Позволю себе устроить заманку для читательниц. Одной из главных героинь романа является… собачка, ирландский шпиц. Сегодня дико популярная порода!

— Сейчас применительно к современным писателям говорят о «языковой брутальности». Как вы это понимаете?

— Давайте не будем ходить вокруг да около. Речь идет о нецензурной лексике, которая в советское время в литературе была запрещена. Я в принципе против нее, если ее можно избежать. Когда мне говорят: ну, ведь в жизни-то матерятся, — я отвечаю: у нас есть великая проза о Великой Отечественной войне, где нет ни слова мата. А на войне матерились, да еще как! Но в какой-то момент я сдался, каюсь. Мат, если с ним работает мастер, придает литературе и кино своеобразную энергию. А вот в театре я слышать мат не могу — не знаю почему.

В моем романе нецензурная лексика минимальна, я ее буквально на аптекарских весах взвешивал.
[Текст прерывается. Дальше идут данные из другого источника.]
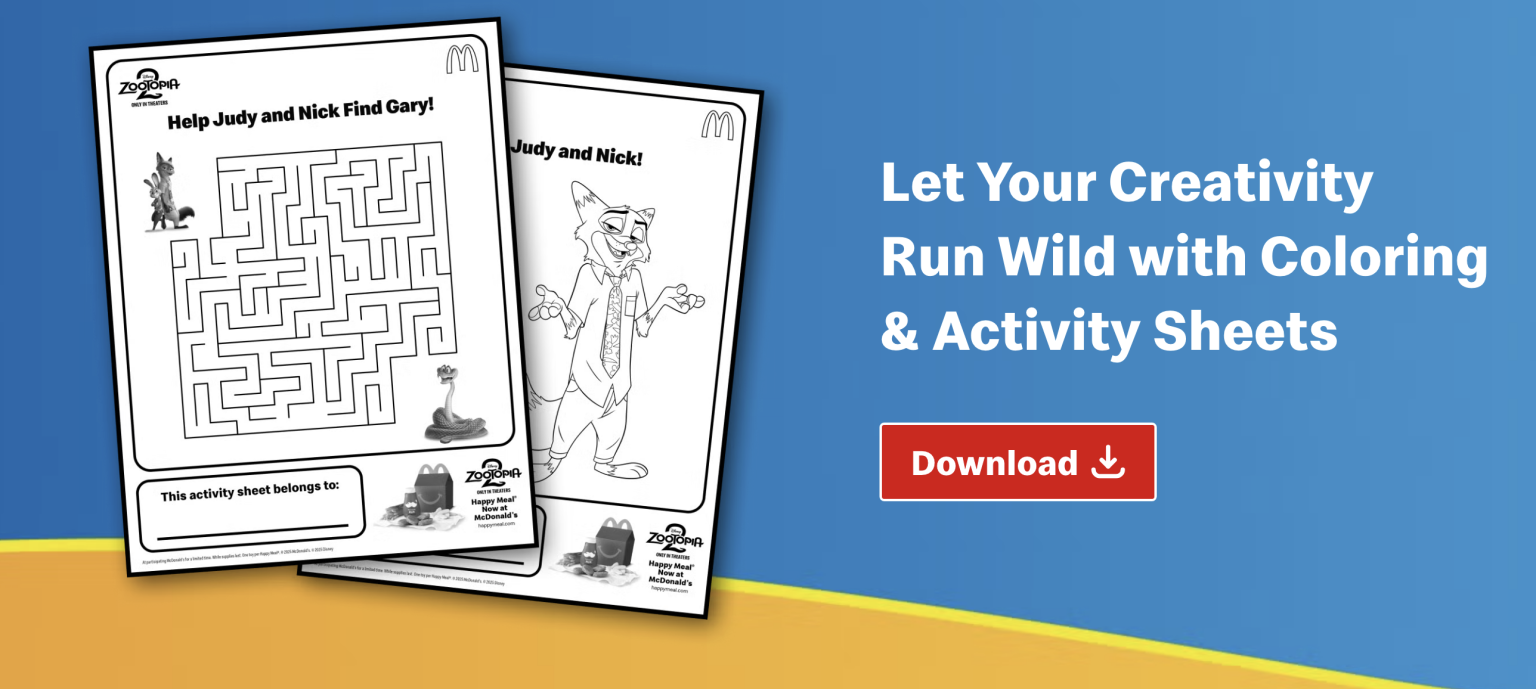 That’s not all the Zootopia 2 fun coming to McDonald’s! You can also grab new coloring and activity sheets from the McDonald’s website, which are FREE.

Но, увы, на обложке книги, которая уже готовится к выходу, будет и сакраментальное 18+, и «содержит нецензурную брань». Наверное, я зря это сделал. Но после того, как на моей невиннейшей книге «Лев в тени Льва», о третьем сыне Толстого, поставили гриф 16+, запечатали книгу в целлофан и не продали моей студентке Литературного института, потому что у нее не было с собой паспорта… я понял, что уже можно пускаться во все тяжкие. Шутка!